Some Islamists who staged a rally on Friday in support of Mursi derided the military, which oversaw decades of oppression. And two men died on Saturday as a result of factional fighting.

“He is stepping closer to the centre stage of politics,” Gamal Soltan, a political analyst, said of Sisi: “This is the strongest statement from a military official … This is explicitly saying the armed forces will intervene.”

Neither the Islamists nor liberals want a return to the six decades of effective military rule they thought they ended with the overthrow of Hosni Mubarak of 2011. Yet some Egyptians, frustrated by deadlock, have called for the army to resume the managerial role it took on after pushing Mubarak aside.

But Sisi, appointed defence minister by Mursi, insisted the army would defend democracy and many analysts believe the army, which has major business interests, is content with its status: “The will of the Egyptian nation is what governs us and we protect it with honour,” Sisi said.

“We cannot permit a violation of the will of the people.”

That language implied reproach to both sides – suggesting he disapproved of opposition hopes of overturning Mursi’s election but also the president’s inability to overcome furious criticism of the Islamists to persuade his opponents to cooperate.

“The army is trying to send a signal to both sides,” said Nathan Brown, an expert on Egypt’s transition at George Washington University. But because elements in the opposition favoured an army move against the Islamists, he added: “This statement will please one side more than the other.”

The Muslim Brotherhood turned their organisational strength, built up over decades as an outlawed mass opposition movement, into success at the ballot box. But they have struggled to manage an economy in crisis or build acceptance for the government among liberal and other non-Islamist groups. That polarisation has driven a petition campaign demanding Mursi’s resignation. Organisers say their 15 million signatures show Mursi, elected with 13 million votes, should quit. Under the slogan “Tamarud – Rebel!”, they plan mass demonstrations next weekend, the first anniversary of Mursi’s inauguration.

In turn, his Islamist supporters have taken to the streets in shows of strength, calling the opposition bad losers.

While Islamists point to the legitimacy of their electoral power, opponents accuse the Brotherhood of betraying the Arab Spring revolution by seeking to entrench the movement’s power.

They are wary of its association with hardline former militants, like Al Gamaa Al Islamiya, whose leaders say they are ready to take up arms again if Islamist rule is overturned.

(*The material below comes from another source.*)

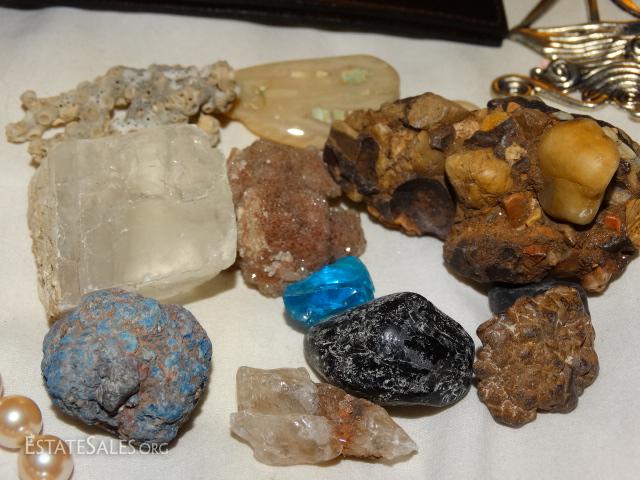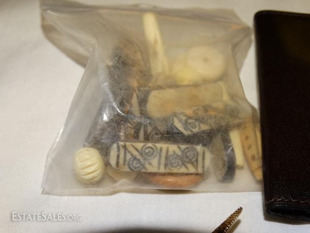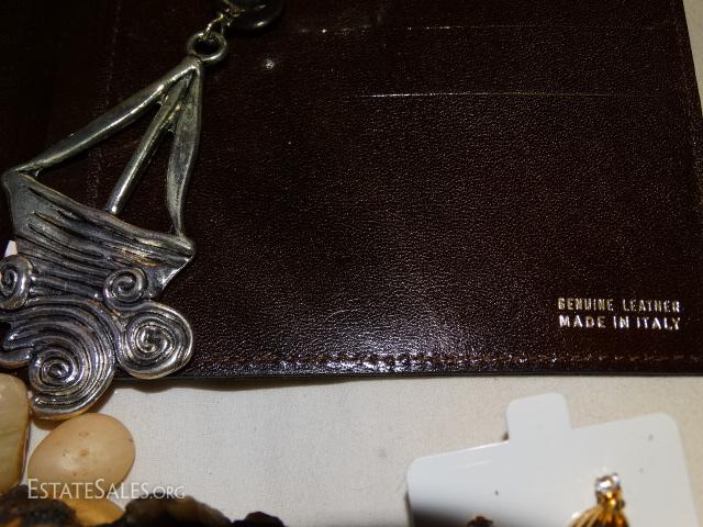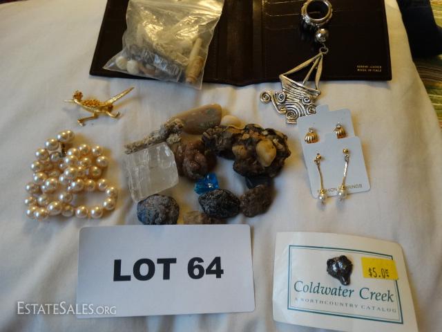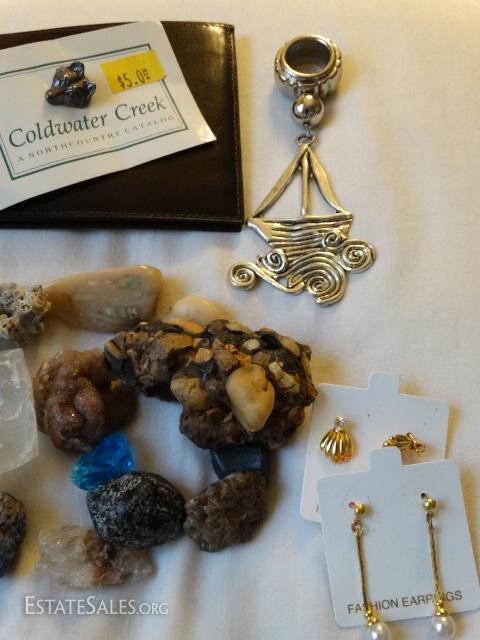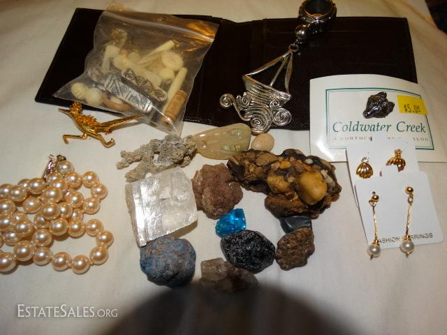 Gemstones, ship necklace pendant, pearls, beads, leather mens wallet, Coldwater Creek wolf pin, surgical steel post earrings.

Khaled Dawoud, a spokesman for the National Salvation Front which backs the petition, said: “These are very reasonable statements, and what is expected from Egypt’s army.

“We are facing direct threats from supporters of President Mursi to spill blood if we exercise … our democratic right to demand peacefully early presidential elections.”

A spokesman for the Brotherhood’s political party said it was studying the statement before making public comment.

Army spokesman Colonel Ahmed Ali said: “This was a supportive message that the army is sending to its people … The statement was meant to set out the army position … It cannot ignore anything that might threaten national security.”